When you first begin drinking coffee, more often than not the first taste impression to most our palette is bitter. We may occasionally taste acidity, but the floral and fruity flavors that coffee connoisseurs like to describe are confusing.
For people who know very little about coffee, they will think that the flavor notes describing the coffee are added flavor substances in drink. In fact, that is not the case. The magic of coffee is that it has thousands of different flavor profiles! So far, we’ve known more than 800 kinds of distinct tastes in coffee, and there are many more to be discovered.
So where do all the varying flavors of coffee come from?
Coffee is a crop similar the fruit and vegetable we eat everyday. Vegetables and fruits in one area have the same attributes, but there are some differences in taste, shape and variety when the environment is different. Once coffee is planted in the ground, it’s origin is the first factor to affect the flavor.
In a map of the world, we can see that most coffee agriculture is distributed between 25 degrees North and South latitude in Africa, Central America, South America, Asia and some island countries. According to the altitude and the climate and soil of each origin, coffee is susceptible to the influence of the environment in the process of coffee growth, which results in different tasting coffee.

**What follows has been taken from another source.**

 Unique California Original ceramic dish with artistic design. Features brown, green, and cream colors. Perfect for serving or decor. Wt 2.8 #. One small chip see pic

On the other hand, the variety of coffee tree also determines the flavor of coffee. For example, in the coffee family tree pictured below, the three thickest branches are Robusta, Arabica and Liberia. These are the three main varieties of coffee at present.

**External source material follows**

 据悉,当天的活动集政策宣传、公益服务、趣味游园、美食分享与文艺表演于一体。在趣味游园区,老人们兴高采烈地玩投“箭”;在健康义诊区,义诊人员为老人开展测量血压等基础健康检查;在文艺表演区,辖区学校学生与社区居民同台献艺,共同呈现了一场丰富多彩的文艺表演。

Arabica and Robusta have the largest market share, but the difference is very obvious. It lies in the chemical composition of the two varieties.
We all know that coffee contains caffeine, which is a substance that exhilarates and energizes people. At the same time, caffeine is one of the sources of bitterness. Meanwhile, another substance in coffee is chlorogenic acid which provides acidity and bitter taste. Robusta contains more caffeine and chlorogenic acid than Arabica.
Moreover, Robusta coffee has less sucrose, which brings sweetness, than Arabica. Robusta usually has full body and more bitterness while Arabica has more complexity and higher-quality flavors.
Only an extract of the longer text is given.